I started painting soon after I graduated college. I think even then I was looking for an antidote to technology. I lucked out with a vibrant and eccentric first teacher and then again by attending the Jerusalem Studio School’s program in Italy for several summers. After JSS I started to pick out painters I admired and look for opportunities to study with them. I was working in tech throughout and painting on weekends.

How long have you been showing your current work?

Manifest is my first physical show with this body of figurative work.

 I think I saw that you offer prints of your work. Bravo. I have talked about this for years with my painter friends here in Rochester, upstate. I’m glad to see someone is actually doing it: it seems to me a solution to the central problem of visual art now. There’s no way to charge what a painting is worth, given the time and years of learning that go into it, and still reach a public large enough to make visual art something that has a role in the lives of an average educated person.

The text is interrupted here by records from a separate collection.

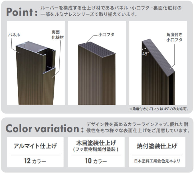 建材ナビ・スタッフからのコメント 天然素材のようなやわら かな木質感と高級感を演出する人気シリーズ「ルミナレスシリーズ」に、新型ルーバーが追加されました。ボルト固定式タイプと直付けタイプの2種類となっています!
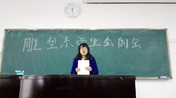 随后贺芳老师提出四月是公司的学风建设月,不仅要严格加强对课堂考勤的检查力度,而且通过学习交流活动来激发员工们的学习热情。所以,雕塑系决定举办图书漂流会来促进员工们的交流合作以及带动班级的学习氛围。会议最后,贺芳老师致总结辞,她在肯定了同学们在事务处理方面的态度和能力的同时,也指出员工干部在工作中的不足,并鼓励大家继续努力进步。
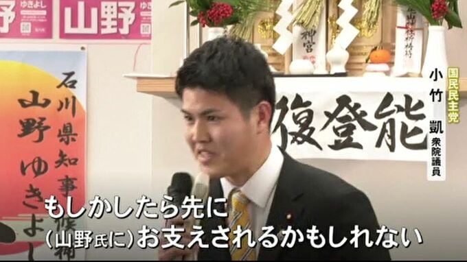 一方、対する野党・国民民主党の小竹凱氏は「何やら怪しい国政の噂が色々飛んでいて、私が山野さんをお支えすると言ったものの、もしかしたら先にお支えされるかもしれません」と語りました。
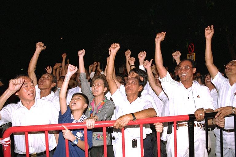POLLING DAY: SINGAPORE CONFERENCE HALL (ALJUNIED AND MACPHERSON) - PICTURE SHOWS PEOPLE'S ACTION PARTY (PAP) SUPPORTERS AT THE COUNTING CENTRE
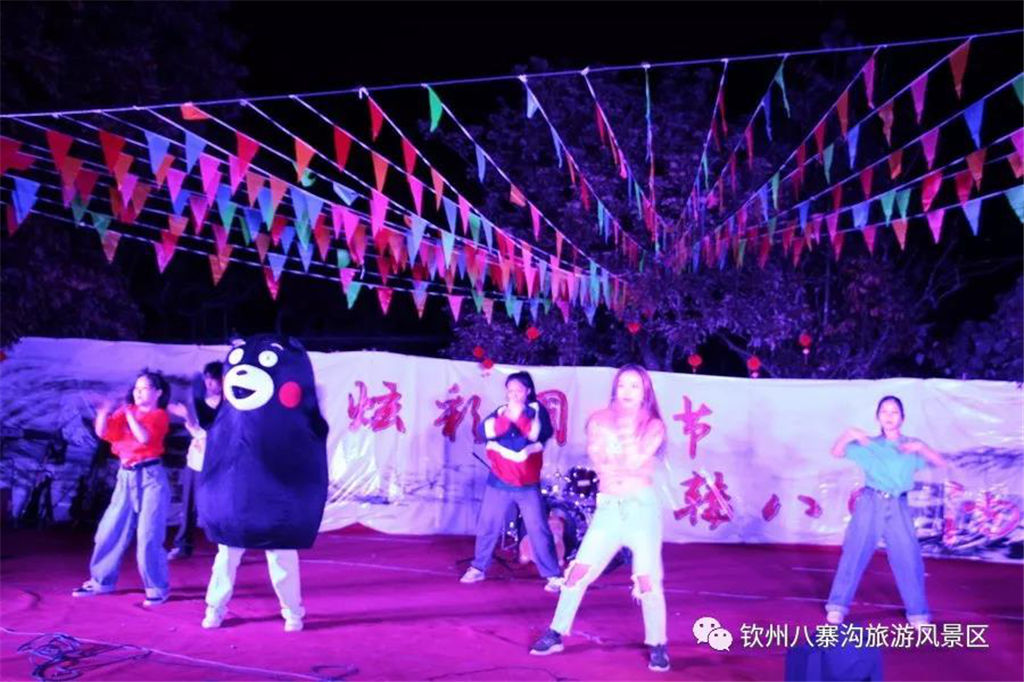 國慶期間景區(qū)舉辦以“炫彩國慶節(jié),玩轉(zhuǎn)八寨溝”為主題的系列活動(dòng)受到眾多游客親睞。游客們白天可以觀看精彩歌舞文藝演出,玩真人CS運(yùn)動(dòng),品嘗各種各樣的特產(chǎn)美食,學(xué)制作欽州坭興陶,體驗(yàn)欽州第一漂—八寨溝森林漂流,登山徒步暢游山水,呼吸新鮮空氣,天然水潭戲水其樂無窮,整個(gè)景區(qū)一片游客如織、喜樂融融的景象。
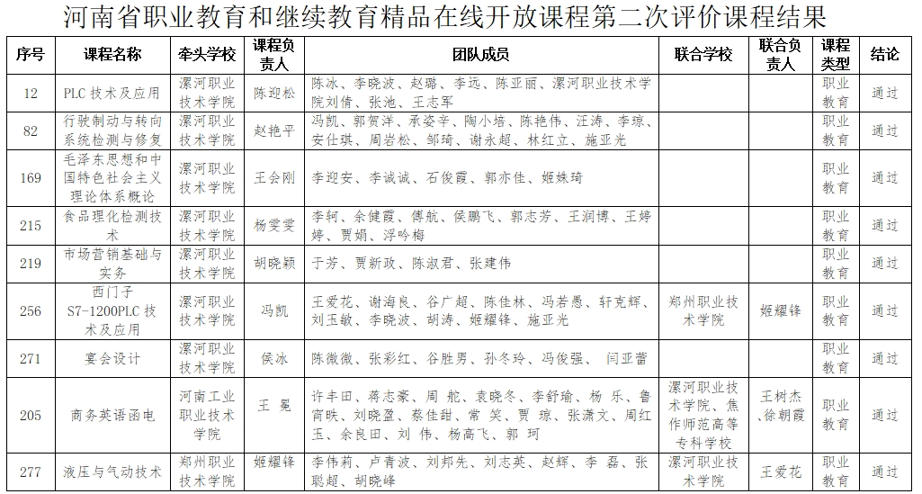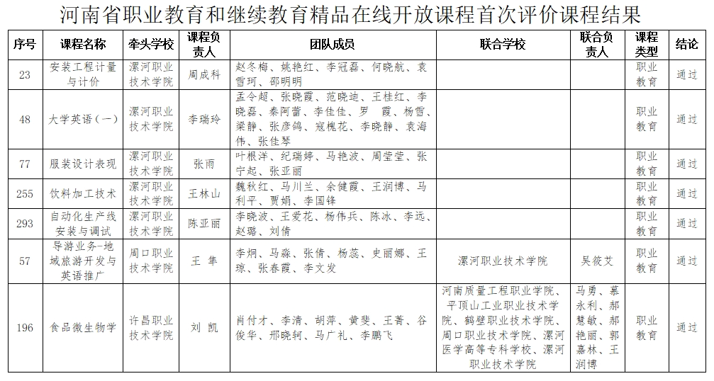近日,按照《河南省教育厅办公室关于开展河南省职业教育和继续教育精品在线开放课程评价工作的通知》(教办职成[2024)264号)安排,经学院自评、专家评审等环节,yl7703永利官网2021年牵头立项建设《市场营销》等7门课程和参与立项建设《液压与气动技术》等2门课程全部通过第二次验收,2022年牵头立项建设《饮料加工技术》等5门课程和参与立项建设《导游业务-地域旅游开发与英语推广》等2门课程全部通过首次验收。
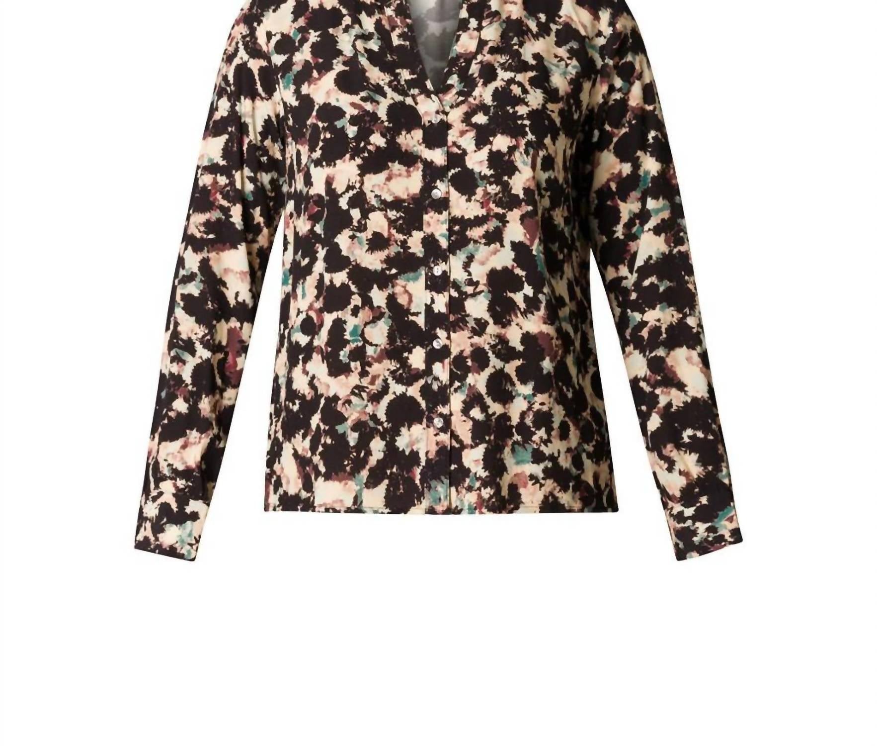 A timeless blouse that will never go out of style. Introducing the Olize Essential V-neck Shirt by Yest, a stylish addition to your summer wardrobe for a variety of occasions, including holiday parties. This multi-colored blouse showcases long sleeves and a classic V-neck design, tailored in 100% Viscose for a comfortable fit. Its patterned material offers a chic twist to traditional workwear and is accentuated with a practical button closure. To maintain its vibrant appearance, hand wash and line dry are recommended.
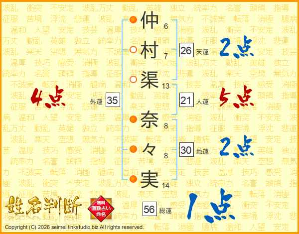 仲(6画)村(7画)渠(13画) 奈(8画)々(8画)実(14画)
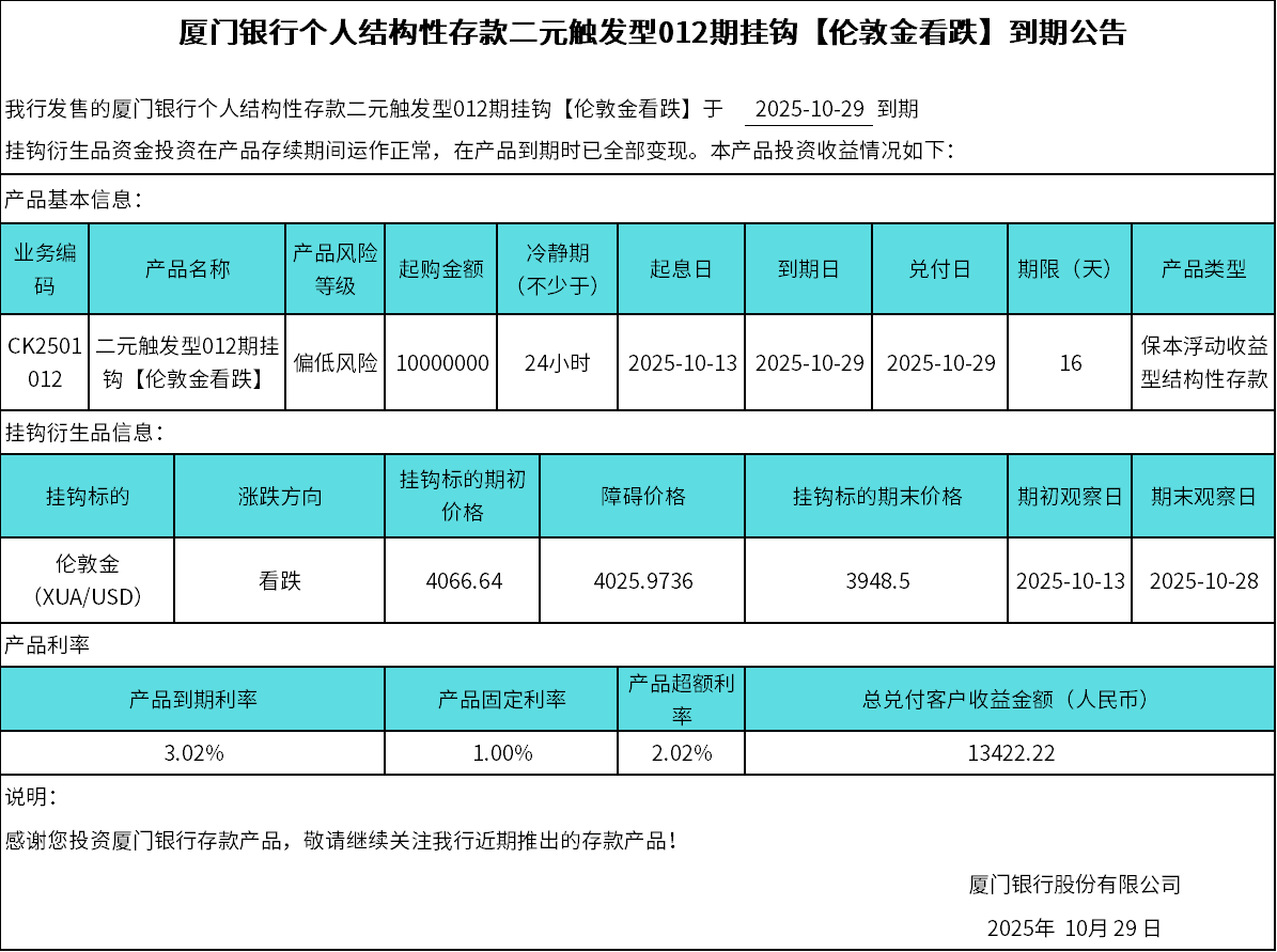 廈門銀行個人結構性存款二元觸發(fā)型012期掛鉤【倫敦金看跌】到期公告
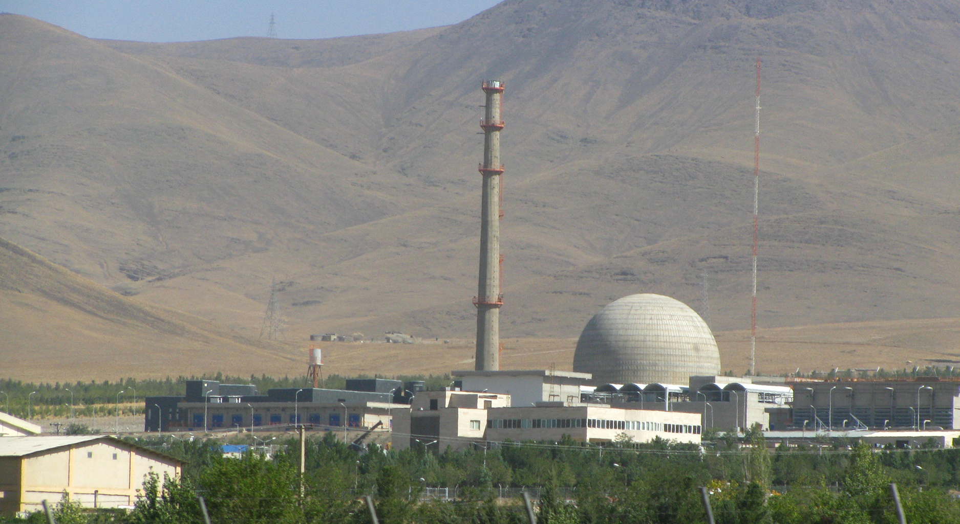 Foto des Reaktors in Arak, über einen Zaun hinweg fotografiert, im Hintergrund Gebirge
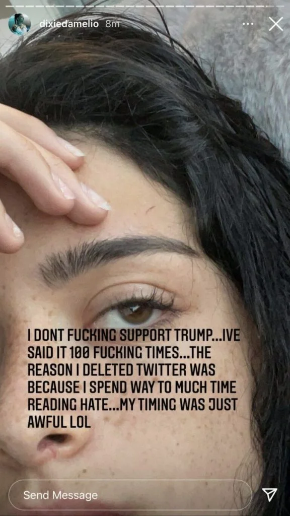 E não é que os fãs estavam parcialmente certos! Por meio dos Stories, Dixie revelou que deixou o Twitter por passar muito tempo lendo ódio gratuito. “Eu não apoio o Trump. Eu já disse isso 100 vezes… O motivo pelo qual excluí o Twitter foi porque passo muito tempo lendo o ódio. É simplesmente terrível”, escreveu.
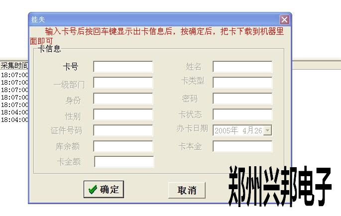 輸入卡號,然后按回車鍵,卡里面所存入的信息都會顯示出來,然后點確認,會出現一個掛失成功的提醒。這時,卡就掛失成功了。如果不知道卡號,可以在卡信息表時根據姓名,證件號等來查詢卡號,然后再操作上面的這一步。
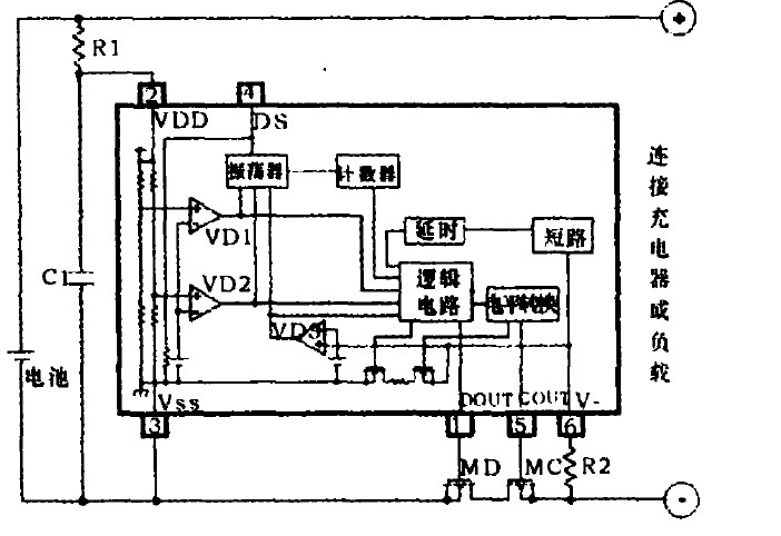 在放電時,若電池電壓低于過放電檢測電壓并保持相應(yīng)的延遲時間,DOUT端由高電位變?yōu)榈碗娢?,放電控制MOS管MD關(guān)斷,芯片進(jìn)入過放電保護(hù)模式,停止放電。
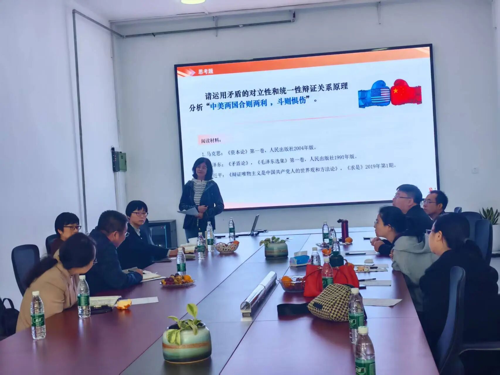 教师徐超以“六届六中全会何以‘决定中国之命运’”、高明以 “如何用‘矛盾’破解矛盾” 为题,分别参与 “中国近现代史纲要” 课程组、“马克思主义基本原理”课程组角逐。两位教师凭借扎实的理论功底、精湛的教学技能和稳定的现场发挥,呈现了既富专业性又具育人实效的优质思政课教学展示,收获评委一致好评。
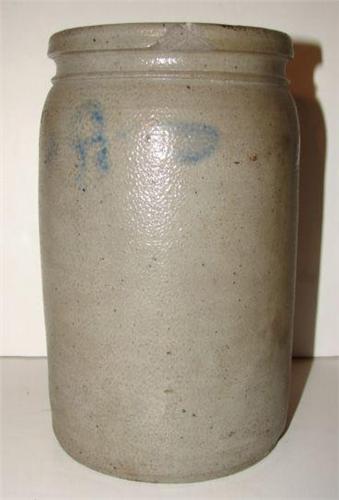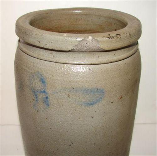 COBALT BLUE DECORATED STONEWARE CROCK. Cobalt blue brush decorated leaf design at 3 areas on body. Shows one chip at outer portion of top rim. 8.625” H
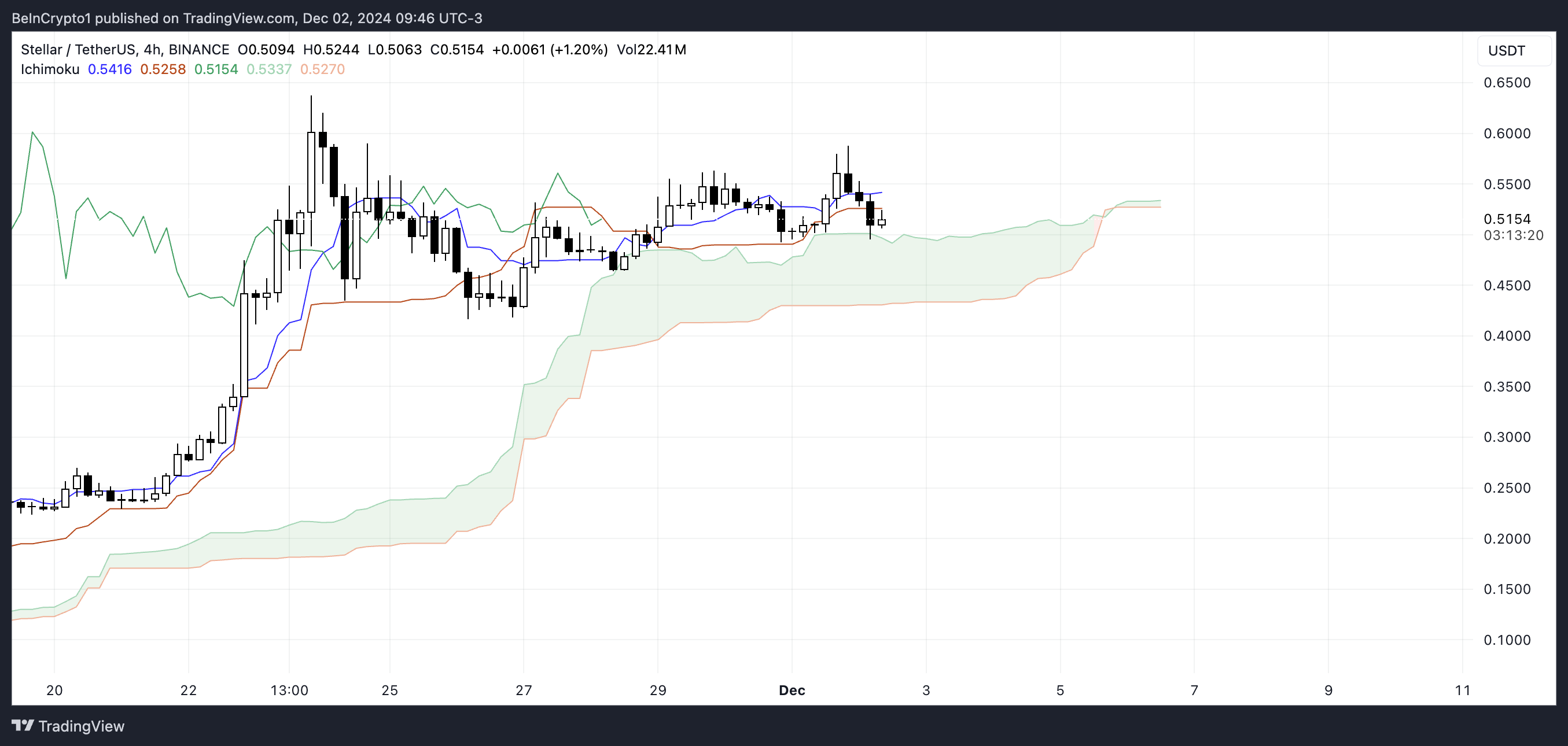 Bu Stellar için Ichimoku Bulutu grafiği, fiyat hareketinin şu anda bulutun yakınında konumlandığını ve destek testi potansiyelini gösteriyor.

I agree. It takes time to deal with the higher volume of buyers and do the shipping logistics, that’s the only downside.

Are your figures members of your family? I assume so, but thought I’d ask. It’s hard to imagine working for eight months on a painting of models or strangers.

Yes. Family and a few close friends. 

Your work, strikes me as intensely affirmative, a resounding yes to life. When you structure a painting after Piero’s work, it would be hard to paint something darkly sardonic. Am I right in assuming that you aren’t being ironic or cynical in a painting with a title that includes the word plenty in a cultural season when prosperity and abundance don’t seem in high favor? (Abundance is human, not economic, in my view.)

Yes, no irony. I’m trying to tell believable stories about the world now as it is, and how it can be. Season of Plenty was a pandemic painting and while we were short on toilet paper we were fortunate to have grandparents staying with us long term, a garden and fish in the pond.